Family Plot is a 1976 American black comedy thriller film directed by Alfred Hitchcock in his final directing role. It was based on Victor Canning's 1972 novel The Rainbird Pattern, which Ernest Lehman adapted for the screen. The film stars Karen Black, Bruce Dern, Barbara Harris and William Devane; it was screened at the 1976 Cannes Film Festival, but was not entered into the main competition.

The story involves two couples: one a "fake" psychic and her cab-driving boyfriend, the other a pair of professional thieves and kidnappers. Their lives come into conflict because of a search for a missing heir. The film's title is a pun: "family plot" can refer to an area in a cemetery that has been bought by one family for the burial of its various relatives; in this case it also means a dramatic plot line involving various family members.

Plot
Fake psychic Blanche Tyler (Barbara Harris) and her boyfriend George Lumley (Bruce Dern) attempt to locate the nephew of wealthy, guilt-ridden, elderly Julia Rainbird (Cathleen Nesbitt). Julia's recently-deceased sister gave the baby boy up for adoption, but Julia now wants to make him her heir and will pay Blanche $10,000 to find him. Julia knows almost nothing about the infant. During his investigation George discovers that the boy was given the name Edward Shoebridge, and is thought to have died while still young. However George tracks down a man, Joseph Maloney (Ed Lauter), who paid for Edward's tombstone years after his supposed death, and George comes to think the grave is empty. George and Blanche bicker frequently, but he is as good an investigator as she is a psychic, and their relationship is solid.

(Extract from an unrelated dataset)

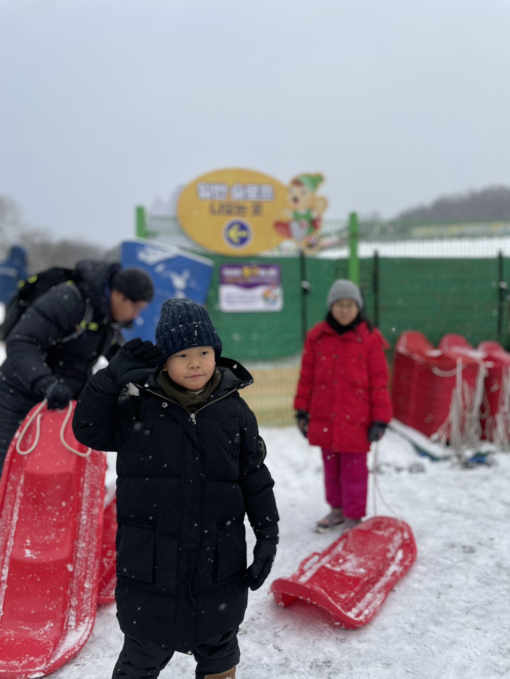 점심 이후 눈도 그치고 사람들이 모이자 우리는 다시 눈썰매장으로 가서 한두 번만 더 타고 집으로 가기로 했다. 사실 토요일이었다면 눈도 그쳤고 날이 춥지 않았기에 더 오래 놀다가 레이저쇼까지 보고 오고 싶었지만, 일요일은 아무래도 부담스러웠기 때문이다.

Meanwhile, it has been revealed to the viewers that Shoebridge murdered his adoptive parents and faked his own death, and is now a successful jeweler in San Francisco known as Arthur Adamson (William Devane). He and his live-in girlfriend Fran (Karen Black) kidnap millionaires and dignitaries, confining them in a secure room in the cellar of their home, and return them in exchange for ransoms in the form of valuable gemstones. Arthur conceals the latest ransom, a large diamond, "in plain sight" within a crystal chandelier hanging above the home's main staircase.

When Adamson learns that George is investigating him, he enlists Maloney (the two had murdered Adamson's adoptive parents long ago) to kill Blanche and George. Maloney initially refuses to help, then contacts Blanche and George, telling them to meet him at a café on a mountain road. He cuts the brakeline of Blanche's car, but they manage to survive their dangerous high-speed descent. Maloney tries to run them over, but dies in a fiery explosion when he swerves to avoid an oncoming car and his car goes over the edge.

At Maloney's funeral, his wife (Katherine Helmond) tearfully confesses, under pressure of George's questioning, that Shoebridge's name is now Arthur Adamson. George must go to work driving his taxi for an evening shift, so Blanche tracks down various A. Adamsons in San Francisco, eventually reaching the jewelry store as it closes for the day. Arthur's assistant Mrs. Clay (Edith Atwater) offers to let Blanche leave a note. Blanche tricks Mrs. Clay into giving her his home address.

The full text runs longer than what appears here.